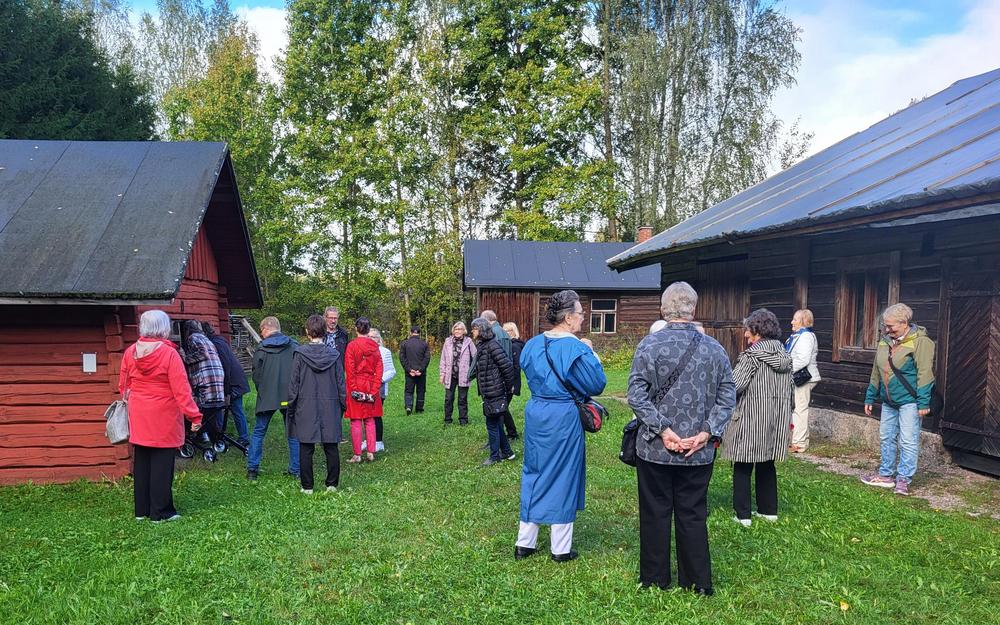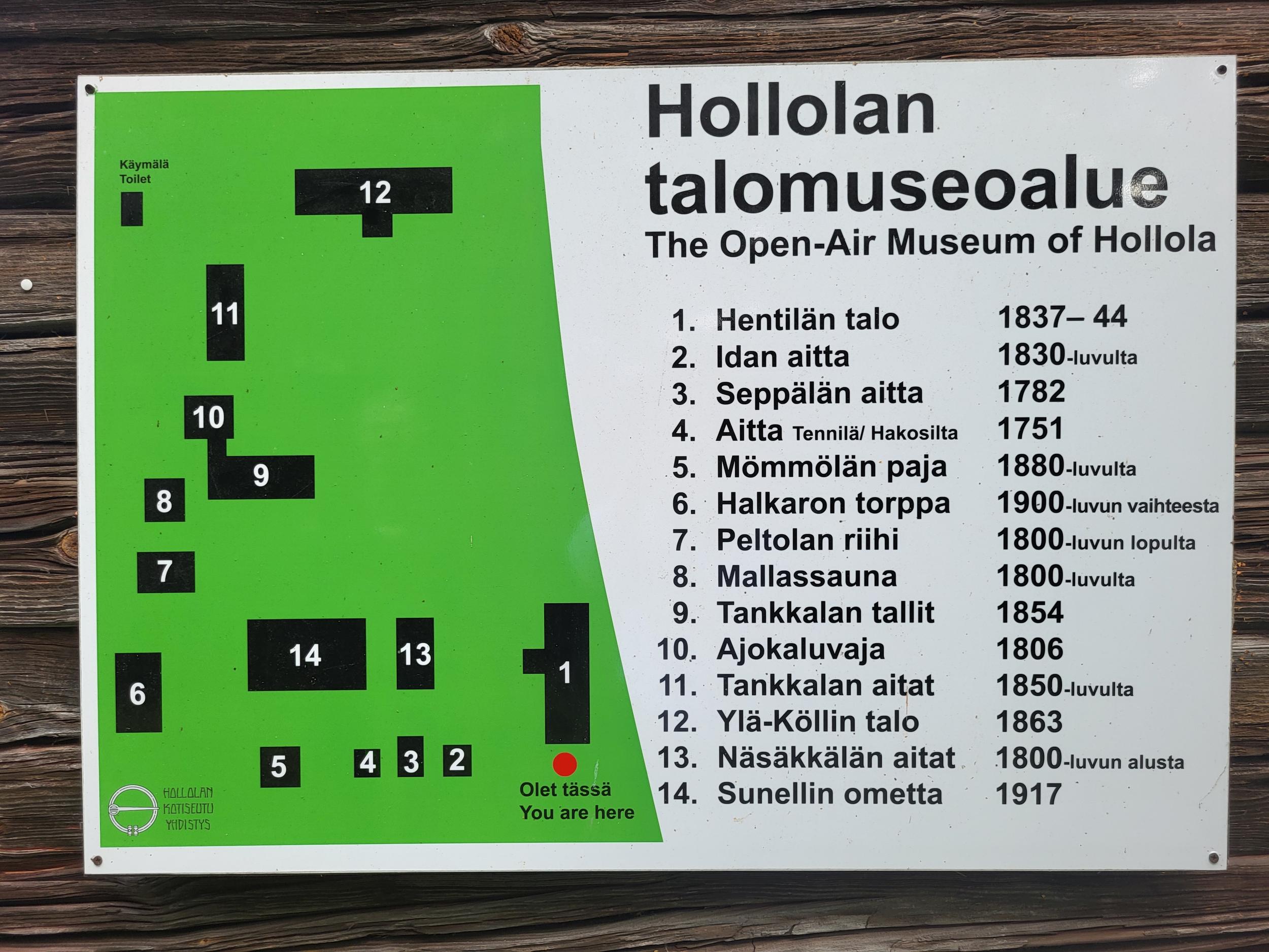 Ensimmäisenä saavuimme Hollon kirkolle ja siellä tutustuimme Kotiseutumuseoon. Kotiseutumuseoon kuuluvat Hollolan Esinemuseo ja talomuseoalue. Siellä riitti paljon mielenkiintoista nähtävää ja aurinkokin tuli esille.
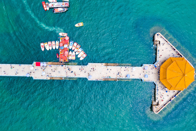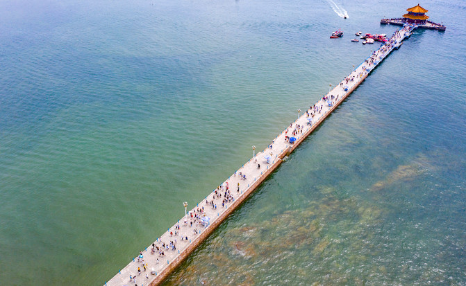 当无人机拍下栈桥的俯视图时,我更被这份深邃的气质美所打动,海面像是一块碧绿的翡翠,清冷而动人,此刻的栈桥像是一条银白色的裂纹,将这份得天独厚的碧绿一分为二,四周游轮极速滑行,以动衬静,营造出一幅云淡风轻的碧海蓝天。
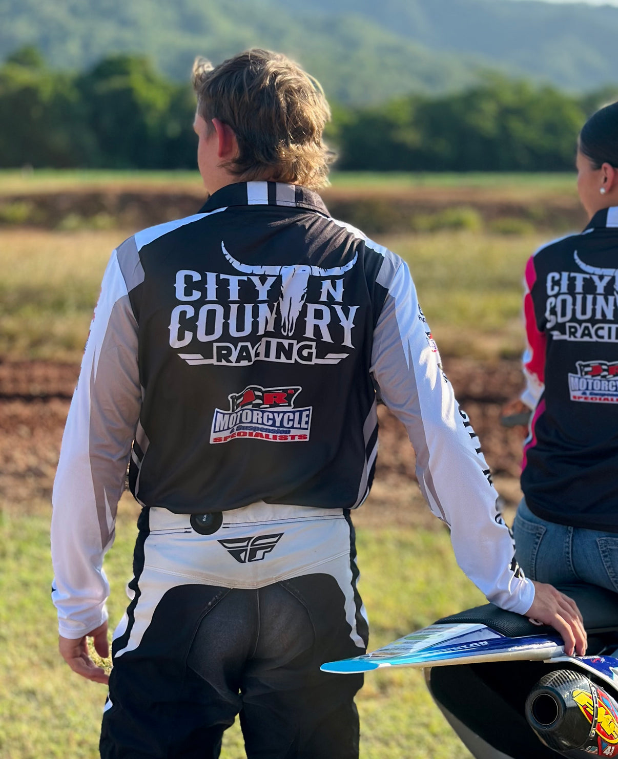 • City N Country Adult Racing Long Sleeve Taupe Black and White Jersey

--

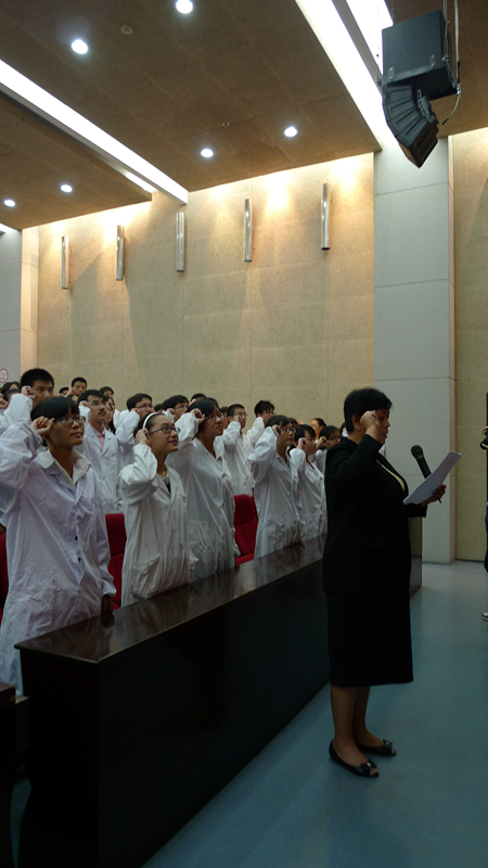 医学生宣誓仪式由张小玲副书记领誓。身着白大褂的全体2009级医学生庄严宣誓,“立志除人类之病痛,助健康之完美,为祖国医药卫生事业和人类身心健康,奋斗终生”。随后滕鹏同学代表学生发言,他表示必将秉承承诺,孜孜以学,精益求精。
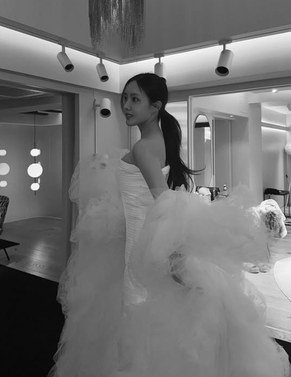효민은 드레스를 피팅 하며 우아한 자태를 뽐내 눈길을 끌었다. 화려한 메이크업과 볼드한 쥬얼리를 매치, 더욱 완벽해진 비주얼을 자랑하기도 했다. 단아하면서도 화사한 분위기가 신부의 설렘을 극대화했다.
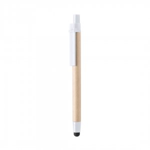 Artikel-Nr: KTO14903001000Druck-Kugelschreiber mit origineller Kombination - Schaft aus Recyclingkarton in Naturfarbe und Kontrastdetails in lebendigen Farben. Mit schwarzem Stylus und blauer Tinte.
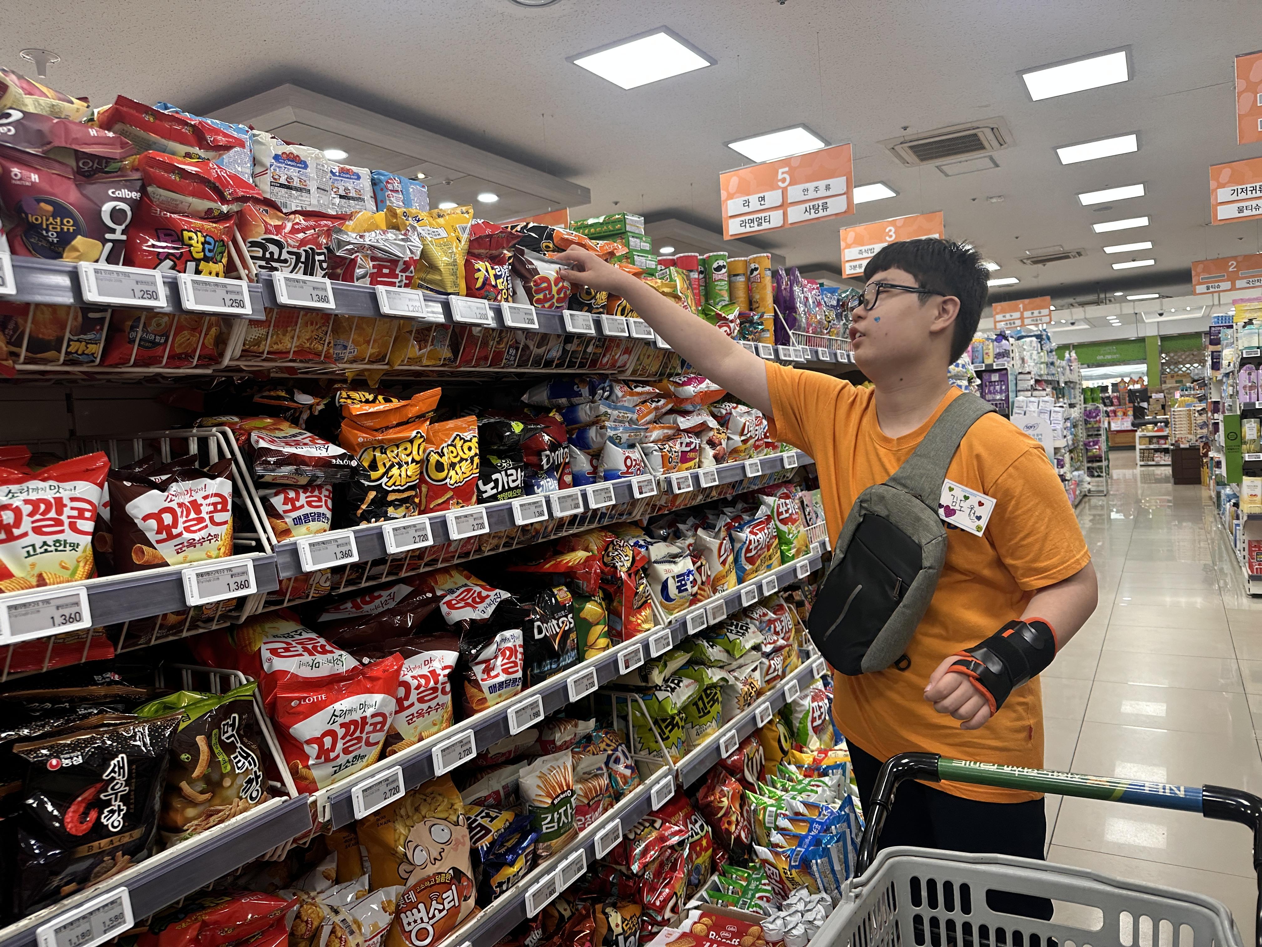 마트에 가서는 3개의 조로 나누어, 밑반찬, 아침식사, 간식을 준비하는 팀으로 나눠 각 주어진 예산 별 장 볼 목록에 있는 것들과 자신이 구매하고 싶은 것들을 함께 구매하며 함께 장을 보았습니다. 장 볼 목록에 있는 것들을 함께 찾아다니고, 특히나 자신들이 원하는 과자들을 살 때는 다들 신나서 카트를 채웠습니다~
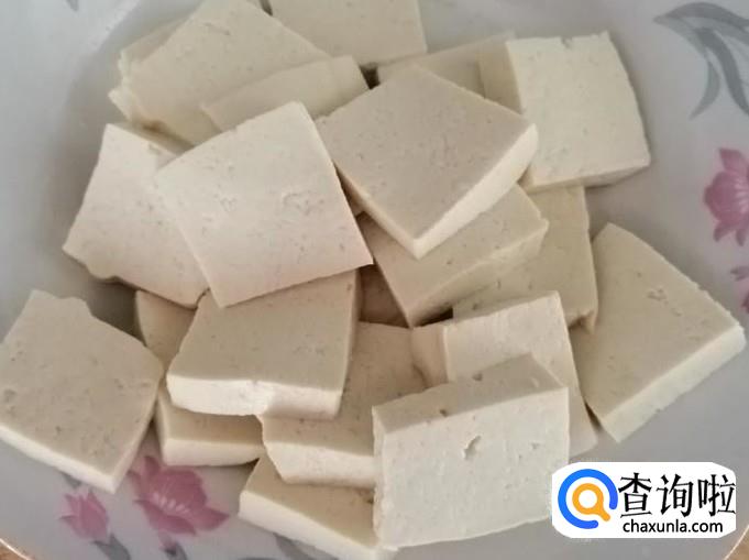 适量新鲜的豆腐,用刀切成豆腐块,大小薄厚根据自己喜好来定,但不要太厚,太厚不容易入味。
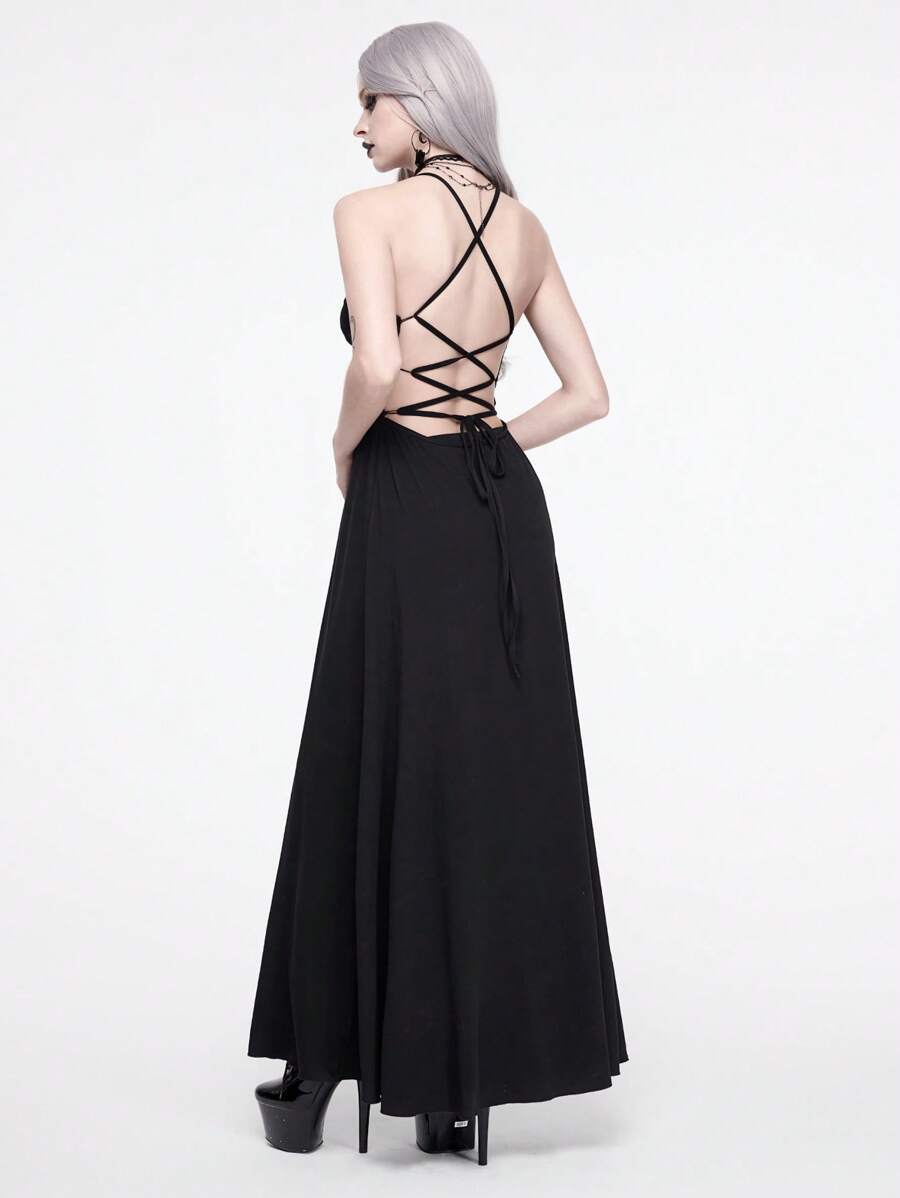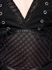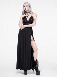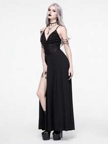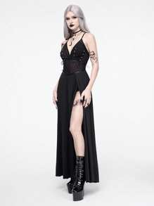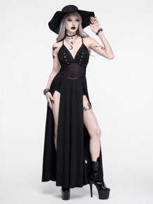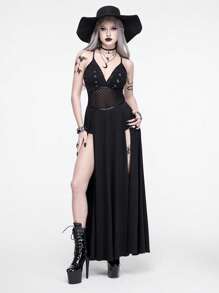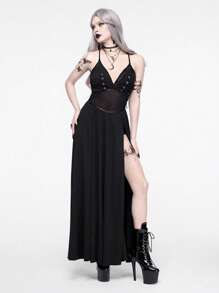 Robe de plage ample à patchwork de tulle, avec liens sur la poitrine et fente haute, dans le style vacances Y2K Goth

__EXERCISE DESCRIPTION__
Take the material above and output only the lines from the one that contains "Artikel-Nr: KTO14903001000Druck-Kugelschreiber mit" through the one that contains "Robe de plage", ends included and images left out.

__ANSWER FOR THE TASK__
 Artikel-Nr: KTO14903001000Druck-Kugelschreiber mit origineller Kombination - Schaft aus Recyclingkarton in Naturfarbe und Kontrastdetails in lebendigen Farben. Mit schwarzem Stylus und blauer Tinte.
 마트에 가서는 3개의 조로 나누어, 밑반찬, 아침식사, 간식을 준비하는 팀으로 나눠 각 주어진 예산 별 장 볼 목록에 있는 것들과 자신이 구매하고 싶은 것들을 함께 구매하며 함께 장을 보았습니다. 장 볼 목록에 있는 것들을 함께 찾아다니고, 특히나 자신들이 원하는 과자들을 살 때는 다들 신나서 카트를 채웠습니다~
 适量新鲜的豆腐,用刀切成豆腐块,大小薄厚根据自己喜好来定,但不要太厚,太厚不容易入味。
 Robe de plage ample à patchwork de tulle, avec liens sur la poitrine et fente haute, dans le style vacances Y2K Goth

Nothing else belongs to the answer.